THESIS - Energy-Efficient eDRAM Compute-in-Memory Architecture using Multiplication-Free Bitwise Operators for DNN Acceleration
- Pioneered an ultra-compact eDRAM-based Compute-in-Memory (CiM) Framework: Developed a novel CiM macro utilizing single-transistor eDRAM cells with an additional two transistors for control, resulting in high-density and low-leakage power storage and processing capabilities superior to traditional SRAM cells.
- Implemented a Multiplication-Free CiM Operator: Eliminated the need for Digital-to-Analog Converters (DACs) for multi-bit precision operations at the bitline level and relaxed the precision demands on the Analog-to-Digital Converters (ADCs), significantly reducing circuit complexity and power overhead.
- Architected a Structured Macro Design: Structured the framework into μ-arrays and μ-channels, where each μ-array stores one weight channel. Neural Network weights are stored across columns, and weight bitplanes are arranged across rows for efficient bitwise operations.
- Enabled Bitwise Multiplication within the Cell: Integrated two control transistors into the eDRAM bitcell, allowing the cell to perform bitwise multiplication by conditionally charging or discharging based on the stored weight bit and the inverted input fed through control signals.
- Optimized Analog-to-Digital Conversion: Employed 4-bit Flash ADCs and Transmission Gate MUXes for bitline summation and analog-to-digital conversion, followed by a digital shift-and-add operation to produce the final output. The Flash ADC was identified as the major power consumer, accounting for ∼64% of total power.
- Validated Robustness and Linearity: Demonstrated high Linearity Accuracy between inputs and the SL line. The design was subjected to up to 35mV of process variability, with two-sigma values well within bounds and the variability statistics following a Gaussian trend, confirming the architecture's stability and reliability.
Dynamic Thread Clustering DRAM Scheduler for Optimized Latency and Throughput in Multi-Core Systems
- Designed and implemented a Multi-Metric Thread Clustering Scheduler that dynamically categorizes concurrent threads into Bandwidth and Latency clusters based on Misses Per Kilo Instruction (MPKI). This method strategically balances DRAM throughput and thread-level fairness.
- Developed an innovative composite "Niceness Metric" (Bank Level Parallelism - Row Buffer Locality) to manage thread priorities within the Bandwidth Cluster, employing a dynamic 800-cycle shuffling to ensure fair resource allocation among memory-intensive applications.

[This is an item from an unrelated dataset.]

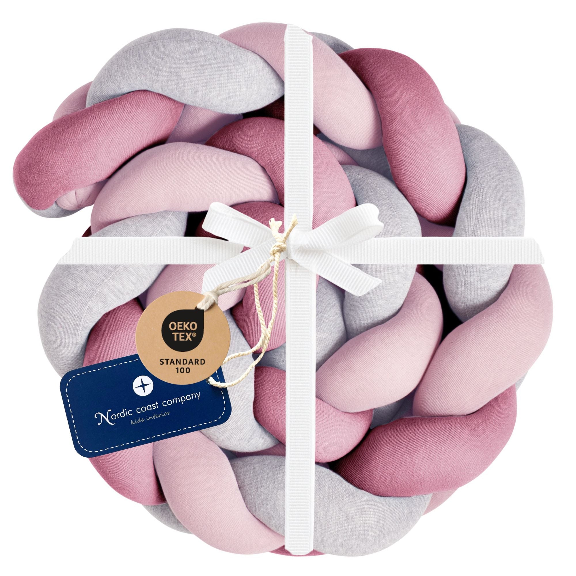 Übrigens: Unsere geflochtene Nestchenschlange ist das ideale Geschenk zur Taufe, Geburt oder Babyparty. Mit ihren drei Farben Beere, Rosa und Grau und dem niedlichen Zopfdesign wird sie zum absoluten Blickfang. Sie überzeugt mit Multifunktionalität und ihrem zeitlosen Jersey Look. Die Bettschlange ist in verschiedenen Farben erhältlich und kann somit in jedes Farbkonzept im Kinderzimmer integriert werden.

- Engineered a Hybrid Scheduling Core that extends the First-Ready, First-Come, First-Served (FR-FCFS) baseline with both a robust High/Low Water Mark Write-Drain policy to prevent queue overflow and a load-aware Batching Policy to manage core request injection.

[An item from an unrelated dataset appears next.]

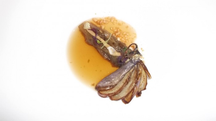 Alice Ristorante. melanzana arrostita con crema di arachidi, brodo di melanzana affumicata, melanzana fritta ed olio al sesamo e soia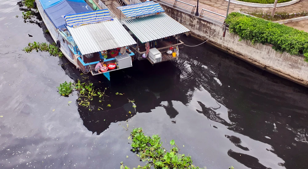Người dân TX Long Mỹ cảm thấy bất an khi nước trên sông cái chuyển màu đen và bố mùi hôi thối. Ảnh: HT

- Improved Row Buffer Hit Rate and Reduced Latency by integrating an Aggressive Precharge mechanism that monitors recent column accesses and a comprehensive auto-precharge check, minimizing row contention and rapidly preparing banks for new requests.
- Built a Real-Time Profiling and Adaptation System that recalculates all per-thread statistics (MPKI, Bank Level Parallelism, Row Buffer Locality) over periodic time quanta, enabling the scheduler to adapt cluster assignments dynamically to shifting application memory behavior.
Fault Injection Attack Analysis and Implementation on AES Cryptography using Clock and Power Glitching
- Implemented the Advanced Encryption Standard (AES) Algorithm on an FPGA board to establish a hardware-based cryptographic system for security testing and analysis.
- Executed Advanced Side-Channel Fault Injection Attacks against the cryptographic hardware by strategically injecting clock and power glitches to induce errors and observe fault propagation.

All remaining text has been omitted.